Eric Weinrib, a producer on a number of Michael Moore projects (including “Sicko” and “Capitalism: A Love Story”), makes his feature directorial debut with the documentary “Roseanne for President!,” about — you guessed it — the comedian’s 2012 grassroots campaign for President of the United States. What starts out as a political journey is said to give way to a raw and funny portrait of Barr, a trailblazer who revolutionized TV with her ‘90s sitcom “Roseanne.” As anyone familiar with Barr knows, she makes for hilarious and provocative company. 97 minutes following her as she embarks on on a surprising mission should no doubt make for an entertaining watch. Adding to the fun: Sandra Bernhard, Rosie O’Donnell and Michael Moore all make appearances in the documentary.

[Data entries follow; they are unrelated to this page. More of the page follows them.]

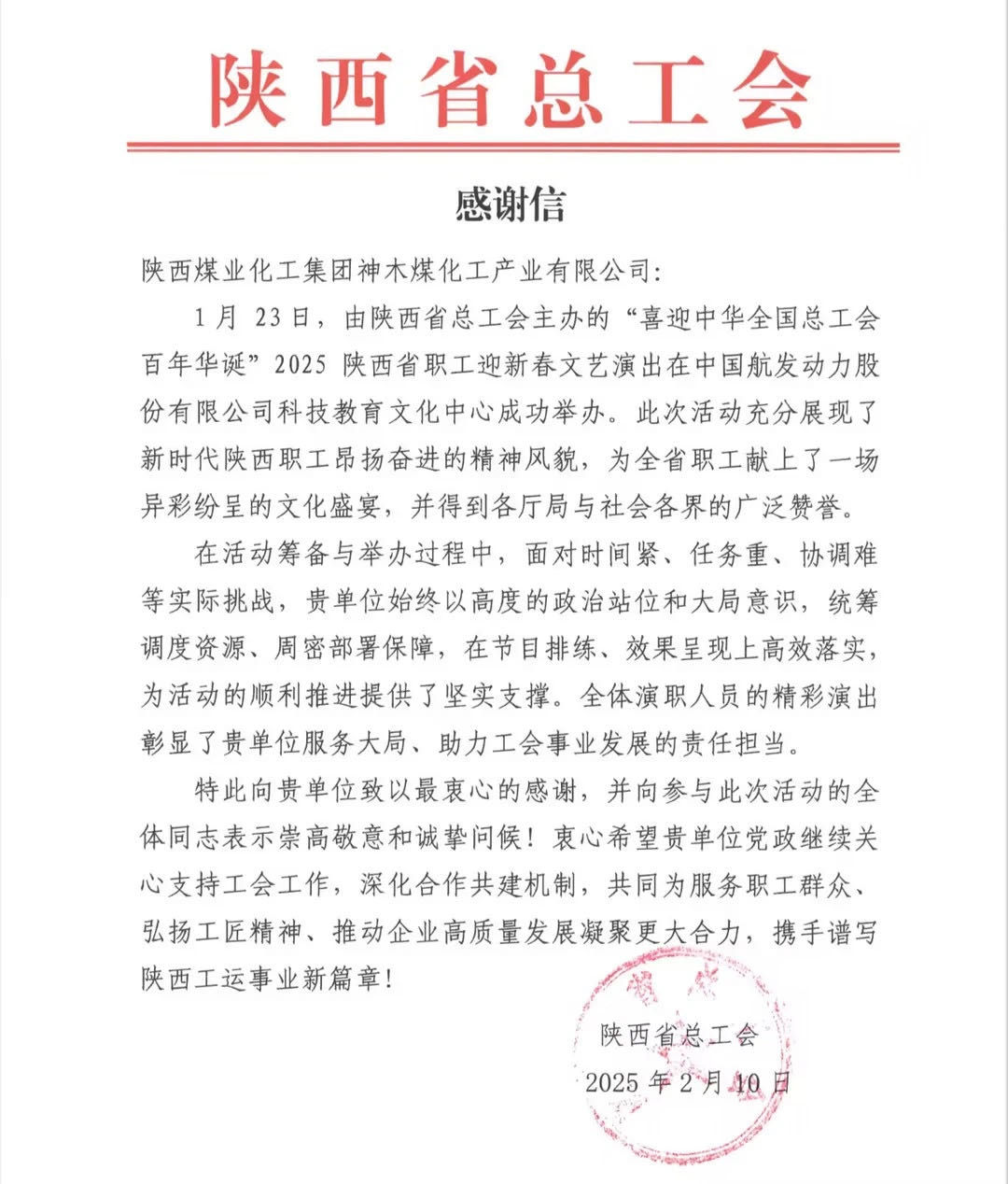 近日,神木煤化工公司收到陕西省总工会的感谢信,信中感谢并高度肯定了公司在“喜迎中华全国总工会百年华诞”2025陕西省职工迎新春文艺演出中的卓越表现。这封情真意切且包含浓浓期许的感谢信,不仅是公司对企业文化建设成果的褒奖,更是对公司服务职工、赋能发展的责任担当的认可。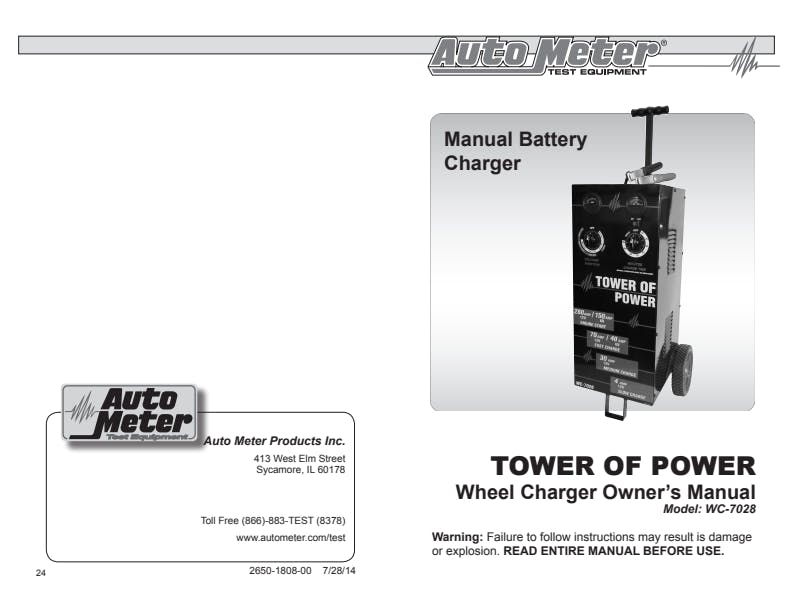 The Tower of Power is one of the most advanced wheeled battery chargers on the market today. The tall, slender design places controls at an easy to adjust level that allows the charger to fit easily between cars and lifts in the shop. We bulked up the internals and included an ultra heavy-duty transformer with 100% copper windings providing an uninterrupted high current flow for optimal performance and efficiency. The Tower of Power utilizes 2-gauge solid copper wiring and high quality, heavy duty clamps for optimal conductivity and extended service life. Large wheels and rugged rubber tires were designed to easily roll over air hoses or gravel. Precise, easy to read gauges insure accurate results during the testing process. Where other charges fall short, the Tower of Power succeeds.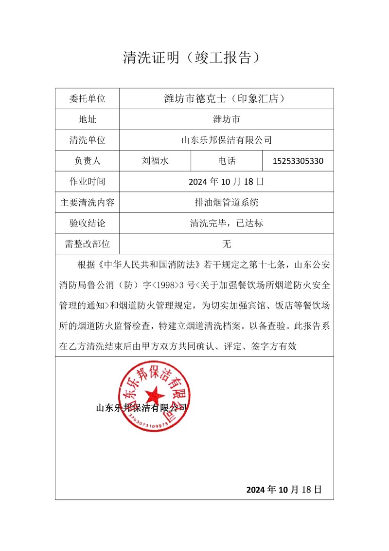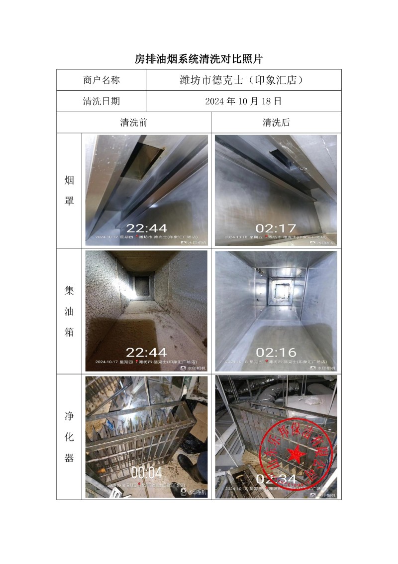 濰坊市德克士(印象匯店)清洗報告24.10.18

Just when it seems like we’ve seen enough minimalist post-apocalyptic survival movies, Stephen Fingleton’s “The Survivalist” crops up to prove us wrong. The Irish director has been steadily gathering acclaim for his short films over the years, one of which provided the inspiration for this feature-length debut, the tense story of a nameless man struggling through each day in a remote cabin and hiding from a fierce, lawless world. His routine is compromised with the arrival of an older woman and her young daughter in search of a safe house. The ensuing three-hander finds the survivors forming a tenuous alliance that gets tested at every moment. Fingleton’s visually scrumptious technique favors ambiguous glances and sudden encounters over lengthy dialogue, yielding a gripping experience that turns its simple premise into a profound rumination on the universal desire to live another day — and the dangers that result from such a powerful urge.
In 2005, experimental filmmaker Patrick O’Brien — more commonly known as TransFatty — was diagnosed with ALS and given two to five years to live. But the debilitating disease couldn’t stop the rambunctious artist from making the best of his situation, by firing up his camera and turning his life into a movie. The result, “TransFatty Lives,” is a powerful and enthralling look at a defiant creative spirit. While O’Brien gradually loses his motor skills, he never drops his distinctive wit or commitment to the task at hand, while his life continues to develop — most notably when his girlfriend gets pregnant a few years into his disease, leading O’Brien to dedicate the project to his offspring. O’Brien’s plight is an inherently moving chronicle, but it’s especially remarkable because he’s the one who tells it.
Directors Anna Sandilands and Ewan McNicol take us inside the peculiar setting of Uncertain, Texas, a remote town occupied by several eccentric characters whose livelihood rely on the swampy lake that runs through town. When the water is endangered by an infectious plant, it threatens to destroy the fragile ecosystem surrounding it. While technically non-fiction, “Uncertain” presents a cast of characters as compelling as any fiction: The distinctive ensemble includes ex-cons and world-weary fishermen, as well as one extremely committed hog hunter. The filmmakers’ textured approach to documenting the small community is at once a traditional cinema verite portrait and something far stranger — a mysterious look at alienation that feels oddly familiar in spite of its unique surroundings.